Menjelang peringatan Hari Pendidikan Nasional (Hardiknas) 2026, Ketua BEM Politeknik Negeri Jakarta (PNJ), Farrel Adyatma Izaaz, menyatakan bahwa BEM PNJ tidak akan mengikuti aksi unjuk rasa pada momentum Hardiknas tahun ini. Sikap tersebut diambil sebagai bentuk komitmen organisasi untuk mengedepankan kontribusi nyata melalui kegiatan akademik, pengembangan kompetensi mahasiswa, serta kolaborasi yang memberikan dampak positif bagi dunia pendidikan.
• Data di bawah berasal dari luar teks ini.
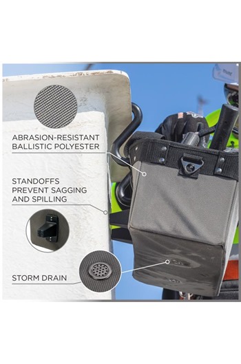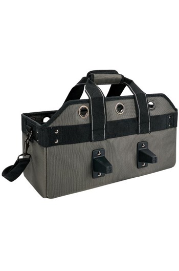 The Arsenal 5844 Bucket Truck Tool Bag is designed to hang from aerial bucket hooks for secure storage, convenient tool organization, accessible tethering and prevention of dropped objects. Using a hanging tool bag maximizes space in compact buckets by keeping gear off the floor and out of the way. Unlike most other bucket storage solutions, this portable bag has a rigid freestanding base and carrying straps for versatile use in and out of buckets—preventing workers from needing an additional tool bag for other work environments. Also features standoffs on the side of the bag to keep it upright when hanging inside a bucket.
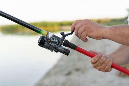 Fishing rod in male hands close-up. The guy fisherman twists the line and pulls the fish. River or estuary. Modern fishing tackle. Place for text
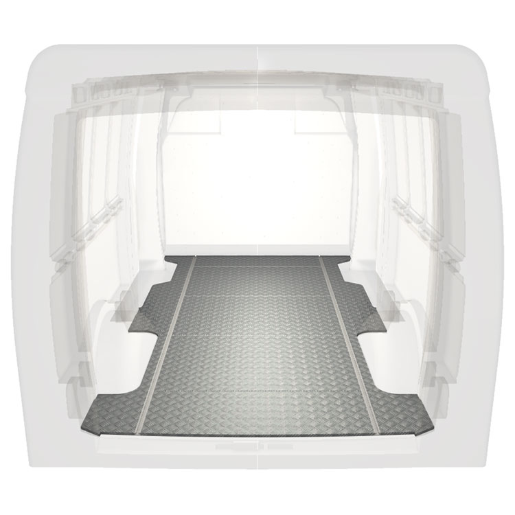Lichtgewicht, robuuste standaard-bestelwagenvloer voor een Iveco Daily met antislip-instaplijst van aluminium en cargorails (in de lengte) voor een snelle en veilige installatie van inrichtingssystemen en andere accessoires.
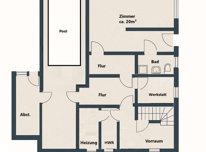 Im Untergeschoss erwartet Sie eine Einliegerwohnung mit separatem Eingang, sie bietet viel Stauraum, eine Küche, ein Badezimmer und ein Wohnzimmer, ideal für Gäste oder als zusätzlichen Wohnbereich, welcher sich optimal für Familien mit Kindern eignet. Außerdem finden Sie hier ein Schwimmbad, dass Raum für Weiterentwicklung bietet und mit etwas Kreativität in eine Wellness-Oase verwandelt werden kann.
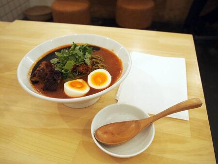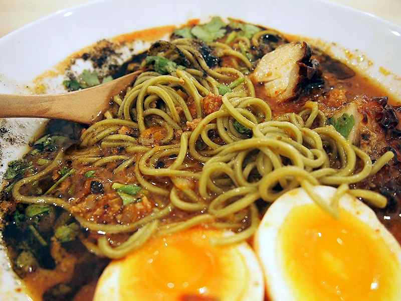 Red soup, green noodles, brown chicken taco meat, green cilantro, black garlic oil and tandoori chicken. So many colors! I spooned up some soup right away. The sourness and umami of the tomato spread throughout my mouth. I mixed some noodles with the soup and slurped up a mouthful. It smelled a little like Japanese matcha green tea powder. Was this the characteristic of Moringa? Another bite. I mixed in a little bit of the taco meat, giving it a hint of Latin flavor. Another bite. Mixed in the coriander and it felt like I was in Thailand. Another mouthful. The tandoori chicken topping added a splash of India. The mixture changed from one bite to the next and not once did I tire of it. The egg I was looking forward to was not a seasoned egg but a salted egg. The delicious salty egg relaxed me with its familiar taste.
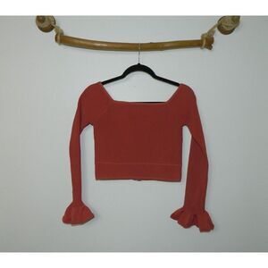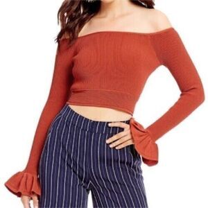 Gianni Bini Knitted Off Shoulder Orange Cropped Top Women's Medium Back Zipper
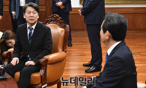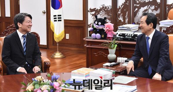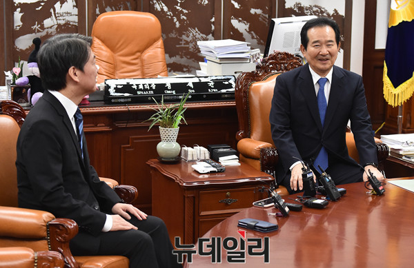 안철수 국민의당 대표가 28일 오후 국회 의장실을 찾아 정세균 의장을 예방해 환담을 나누고 있다.
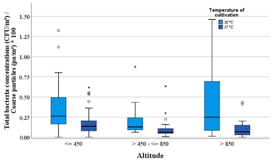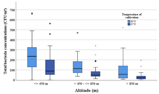 The median values of the total mesophilic bacterial and Staphylococcus sp. concentrations are listed in Table 1 in relation to altitude and weather conditions. Higher median values of the total mesophilic bacteria and Staphylococcus sp. were found at an altitude below 850 m (Figure 4 and Figure 5). The concentrations of staphylococci decreased with increasing altitude and no staphylococci could be detected above an altitude of 1200 m. The correlations between the total mesophilic bacterial concentrations (30 °C) or the Staphylococcus sp. and altitude were negative (rho = −0.48 and −0.34).
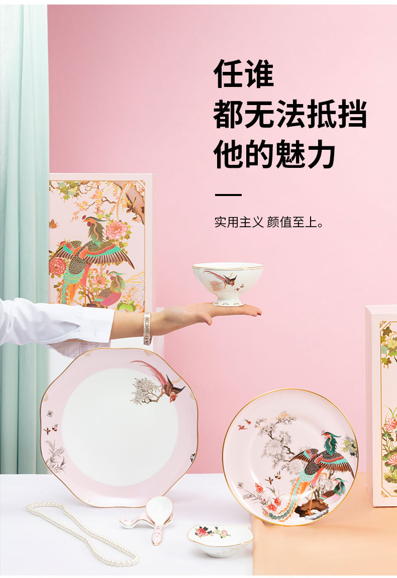Jingdezhen Bai Niao Chaofeng 하이 엔드 뼈 중국 프놈펜 접시 접시 접시 홈 세라믹 접시 크리 에이 티브 스테이크 접시 디저트 접시스토어 가기
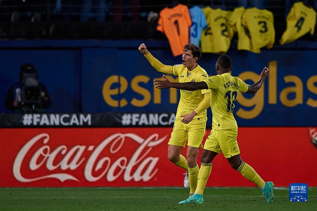 1月9日,比利亚雷亚尔球员保·托雷斯(左)在比赛中庆祝进球。
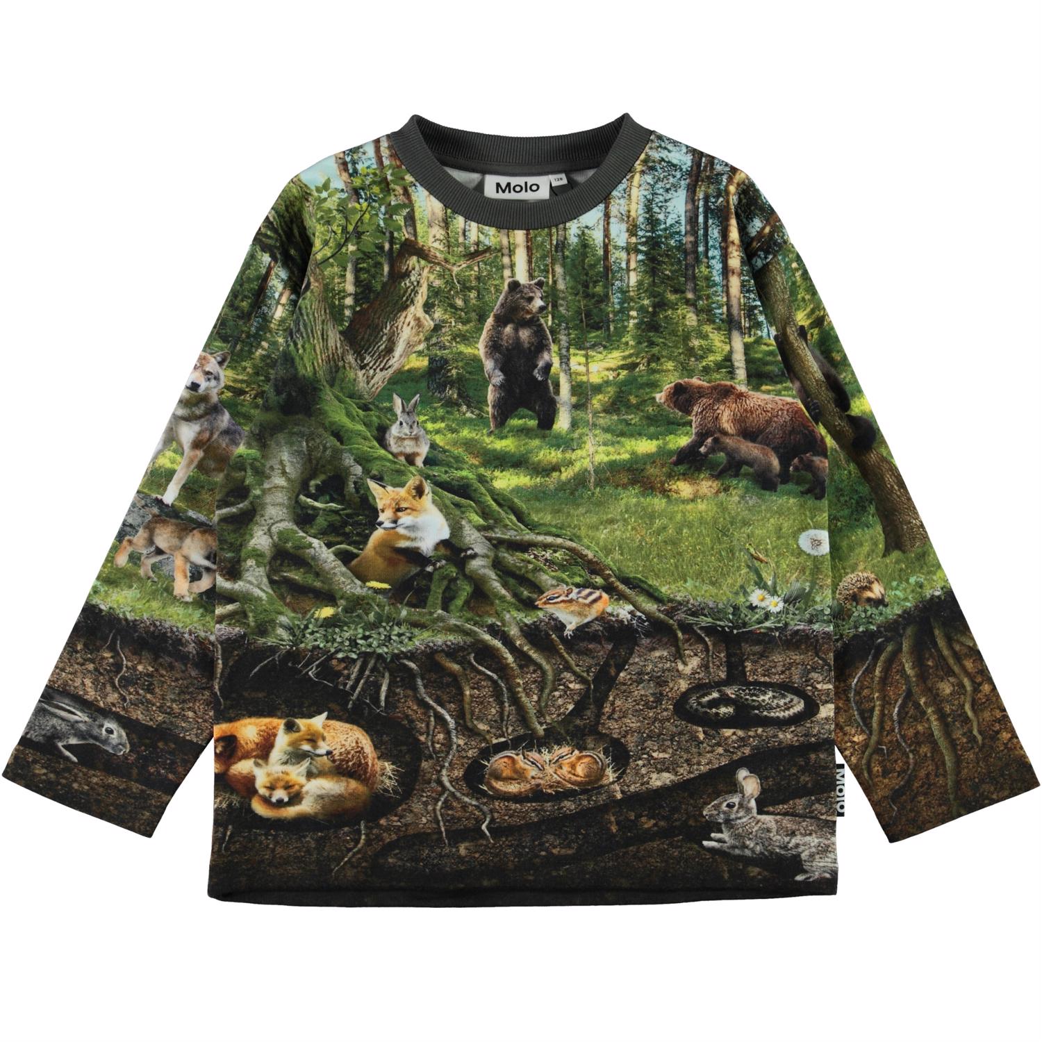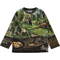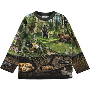 Mountoo er en langærmet bluse med print af skovens dyr. Se hvilke dyr som germmer sig over og under jorden.
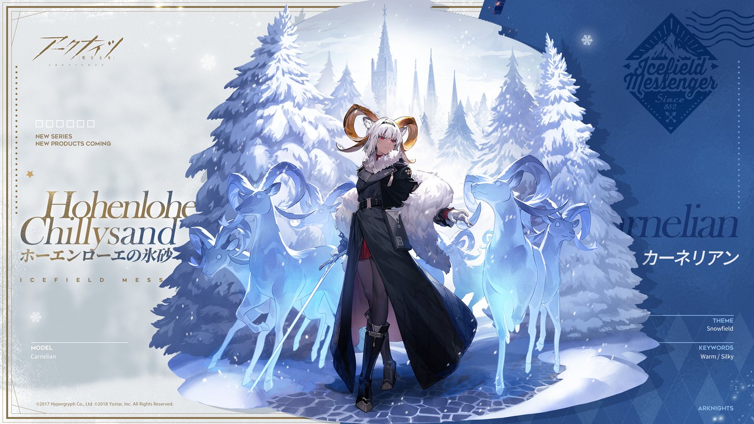 カーネリアン専用コーデ<ホーエンローエの氷砂>は、戦闘・基地内新規モーション付きで現在購買部のファッションショップにて購入可能!
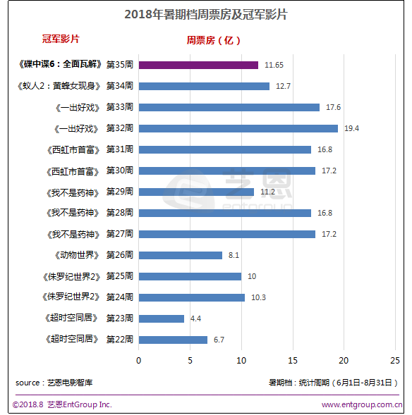 据艺恩电影智库统计,第35周(8月27日-9月2日)票房收入11.65亿元,同比上升29.6%,环比下降8.3%,位居2018年暑期档内周票房第八名。作为暑期档内后一周,该周仍有10部影片希望抓住暑期档的尾巴,竞争档期内后一波红利,大多沦为炮灰。
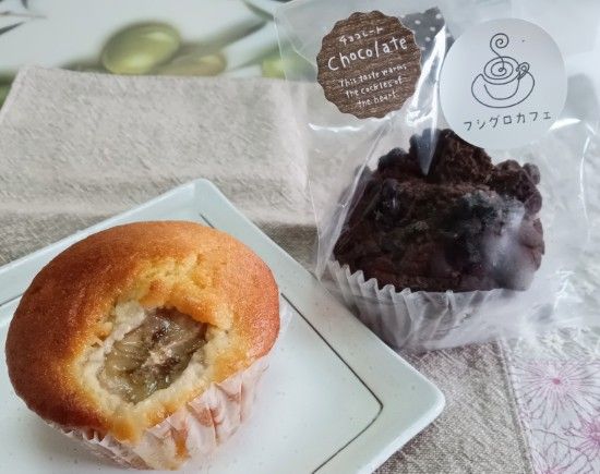 店主さんイチ推しの米粉のバナナマフィンとチョコマフィンです。バナナと米粉生地のミックスは想像以上に美味‼チョコマフィンはしっかりした生地にチョコの美味しさが詰まっています。トッピングのチョコの粒々感がたまりませ~ん。
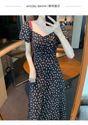 フランスのレトロな揚げストリートティーブレイクドレスフローラルロングスカートウエストスリム気質スプリットスクエアネックフローラルドレス女性の夏 サマー 夏物 花柄 スクウェア yingd3050733861
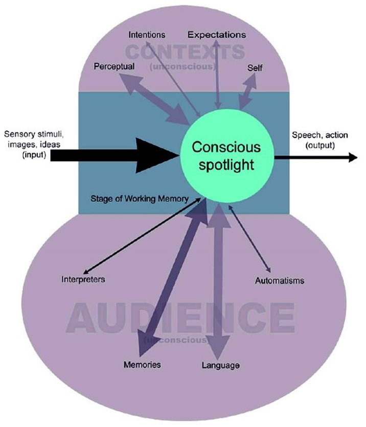 coulissen & publiek = onbewuste processen (sensorische input, concept of self, intenties/doelen, herinneringen, taal/grammatica, automatische gedragingen (zoals wanneer je leest, auto rijd, fiets, allerlei breinprocessen op de achtergrond werkende)
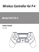 取扱説明書 商品概要 本コントローラーはP4コントローラーであり、ワイヤレスブルートゥ ースコントローラーに属します。遠距離で操作できるし、遅延もあり ません。P4本体、P4 PRO、P4 SLIMに適応だけでなく、PC、x-input (PC360)に関するPCゲームも対応します。 製品パラメータ 電圧:DC 3.6-4.2V スタンバイ電流:0uA 使用時間(満充電):10-12h 充電時間:2-3h 充電電流:>350mA Bluetooth距離:<10m 動作電流:<55mA バッテリー容量:600mAh 重量:221.6g 脈動電流:80-100mA USB長さ:1m サイズ:16.0 x 13.0 x 6.
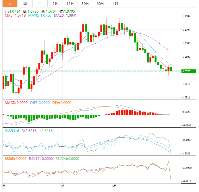 美元指数刷新日内低点104.00附近,同时在周三早间保持了前一日从多日高点的回调。美元兑六种主要货币指数在从5月中旬以来的最高水平回落后,连续第二天下跌,并在周二结束了五日上涨趋势。 美元最近的疲软可能与市场的担忧有关,即尽管违约迫在眉睫,但美国政策制定者将阻止国会通过美国债务上限协议。美国数据和月末
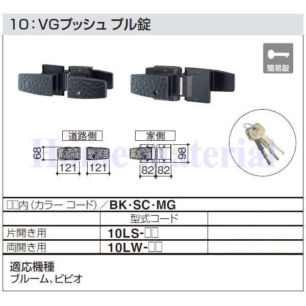 四国化成 エクステリア 補修部品 アルミ鋳物門扉 木質樹脂門扉 錠金具 10:VGプッシュ プル錠 片開き用 10LS-SC ステンカラー色
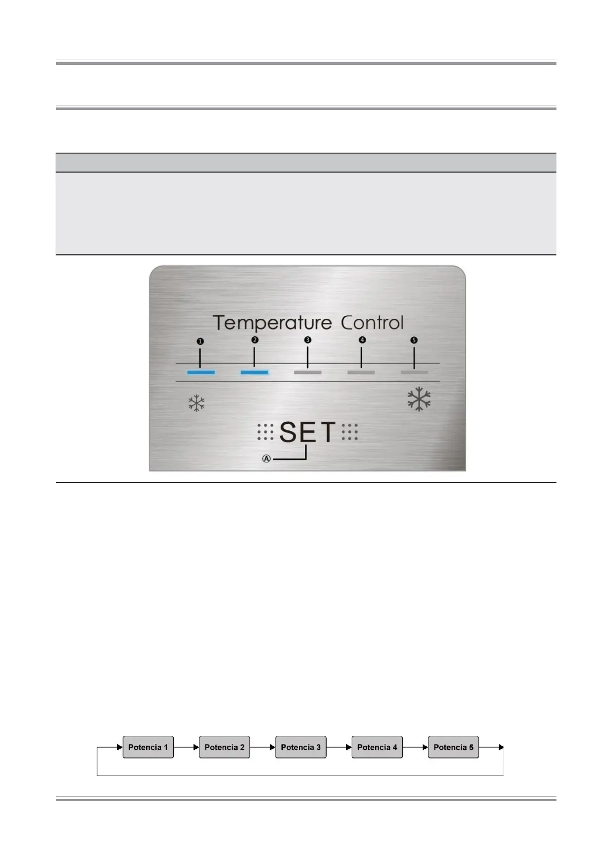 La potencia se puede ajustar a: (La temperatura ajustada se reducirá en 1°C y se puede ajustar de forma cir-
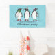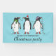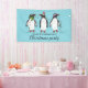 Destei's original illustration of three festive Gentoo penguins holding colourful Christmas lights with their beaks. One penguin is wearing a green scarf, another one is wearing purple ear protection and the third penguin in the middle is wearing a red and white Santa hat. The background colour is light blue. There are also two personalizable text areas.
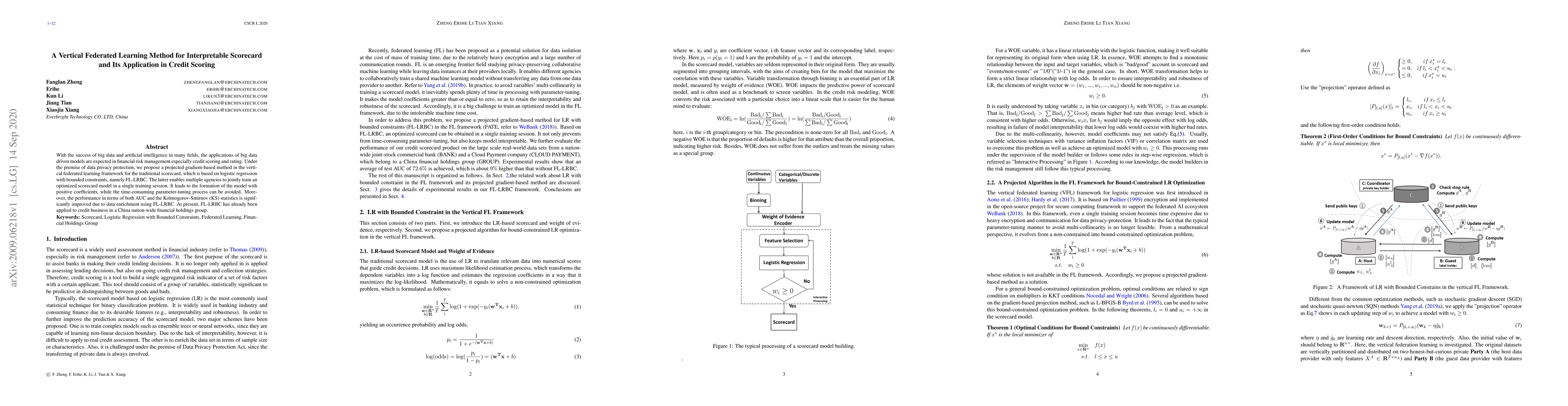 This paper proposes a vertical federated learning method, FL-LRBC, to collaboratively train interpretable scorecard models for credit scoring while ensuring data privacy. The method improves performance in AUC and KS statistics through data enrichment, and has been successfully applied in a nationwide credit scoring system in China.
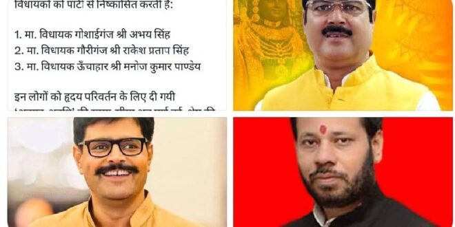 समाजवादी पार्टी से आख़िरकार 3 बागी विधायको को निष्कासित किया। Govind Deval June 23, 2025 238 Views Spread the love*समाजवादी पार्टी से आख़िरकार 3 बागी विधायको को निष्कासित किया।*😇 👇 अभय सिंह , गोसाईगंज राकेश प्रताप सिंह , गौरीगंज मनोज पांडेय , ऊँचाहार Spread the love
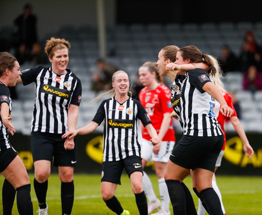 Þetta er farið af stað! Heimakonur hefja leik.
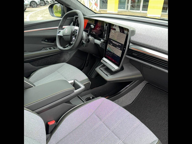 2 feux de recul / Airbags latéraux, milieu AV et rideaux / Alerte détection de fatigue / Alerte d'oubli de ceinture de sécurité / Alerte et prévention sortie de voie (dont urgence) / Antenne Requin / Avertisseur de distance de sécurité / Boîte de vitesse Automate à fonction continue / Bouclier AV sport avec lame F1 / Câble pour borne de recharge (mode 3 type 2 triphasé, 22 kW, 5m) / Caméra de recul digitale haute définition / Carte Renault accès et démarrage mains libres / Changement d'intensité du freinage régénératif par palettes / Chargeur AC 11 kW triphasé / Clignotants défilants / Commutation automatique des feux de route/croisement / Console de rangement haute avec accoudoir central coulissant / Contrôle de la traction (TCS) / Freinage automatique d'urgence en ville pour deux roues et piétons / Gestion automatique des feux diurnes et des essuie-glaces / Hayon motorisé / Jantes alliage diamantées en noir brillant 19" streamline / Kit de gonflage / Maintenance connectée, incluse pendant 8 ans / Mise à jour système (via firmware over the air FOTA), inclus pendant 5 ans / Multi-sense / Notice d'utilisation digitale embarqué dans le système multimédia du véhicule / Pack contrôle à distance (via l'application My Renault), inclus pendant 5 ans / Pavillon et montants / Pompe à chaleur / Prédisposition éthylotest / Projecteurs full LED directionnels avec fonction antibrouillard / Réplication smartphone / Rétroviseur jour/nuit automatique / Sellerie tissu recyclé gris chiné/textile refined noir titane et surpiqûres jaunes / Sièges avec système ISOFIX + Tether / Sièges AV manuels avec réglable en hauteur conducteur / Signature lumineuse AV / Système d'optimisation de la température batterie (charge rapide DC) / Système Multimédia openR link 12" : Google intégré, préconditionnement batterie pour charge DC, audio Arkamys Auditorium / Tableau de bord full numérique / Volant en textile refined biosourcé
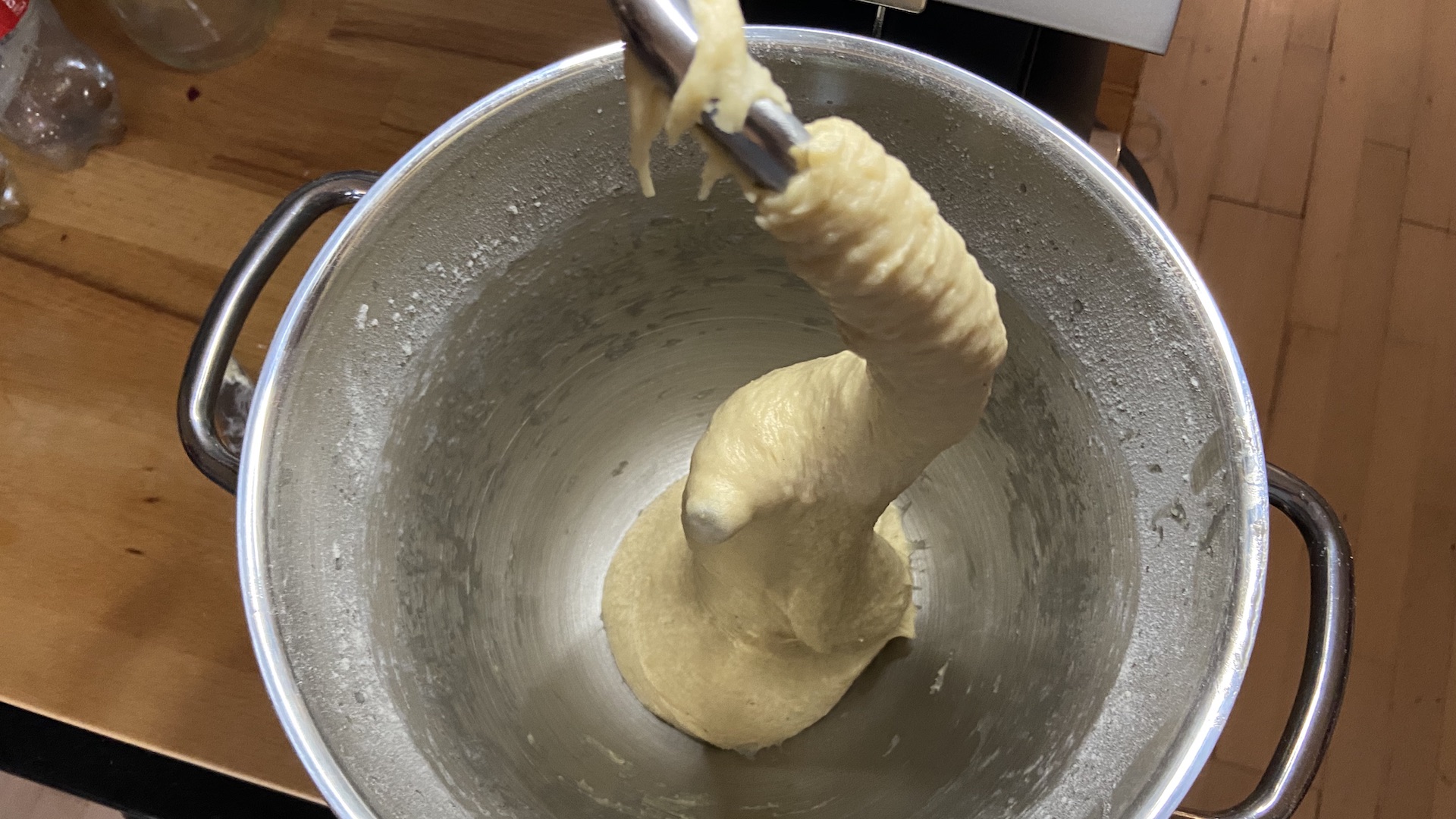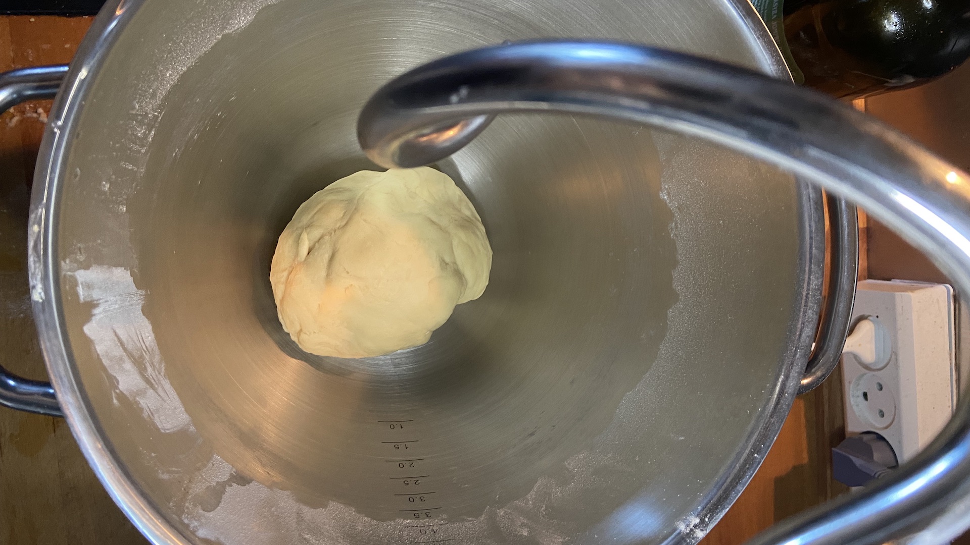 Patissier vaivasi pullataikinan nopeasti tahmeasta möykystä kimmoisaksi. Sen jälkeen taikina sai levätä kulhossaan lämmöt päällä, kunnes se oli kohonnut kolminkertaiseksi.

Farrel menjelaskan bahwa BEM PNJ saat ini memfokuskan energi organisasi pada penyelenggaraan Matchaholic 2026 (Pameran Eksplorasi MICE PNJ) yang akan berlangsung pada 8–10 Mei 2026 di Lippo Mall Nusantara. Kegiatan tersebut menjadi wadah bagi mahasiswa untuk menampilkan kreativitas, inovasi, dan kompetensi di bidang Meetings, Incentives, Conventions, and Exhibitions (MICE), sekaligus memperkuat sinergi antara dunia pendidikan dengan sektor industri.
Menurut Farrel, peringatan Hardiknas seharusnya menjadi momentum untuk menunjukkan kontribusi nyata mahasiswa melalui karya, inovasi, dan kolaborasi. Oleh karena itu, BEM PNJ memilih menghadirkan program yang memberikan manfaat langsung bagi mahasiswa dan masyarakat dibandingkan melakukan aksi demonstrasi.
Selain itu, BEM PNJ juga menyampaikan dukungan terhadap pemerintah dalam upaya meningkatkan kualitas pendidikan nasional serta mendukung Polri dalam menjaga keamanan, ketertiban, dan stabilitas nasional. BEM PNJ berharap sinergi antara mahasiswa, pemerintah, dan aparat keamanan dapat menciptakan iklim yang kondusif bagi pengembangan pendidikan, inovasi, serta pembangunan bangsa.
Melalui sikap tersebut, BEM PNJ menegaskan komitmennya sebagai organisasi kemahasiswaan yang mengedepankan solusi, kolaborasi, dan pengabdian kepada masyarakat. Momentum Hardiknas 2026 diharapkan menjadi pengingat bahwa mahasiswa dapat berkontribusi bagi kemajuan bangsa tidak hanya melalui penyampaian aspirasi, tetapi juga melalui karya nyata yang memberikan manfaat bagi masyarakat luas.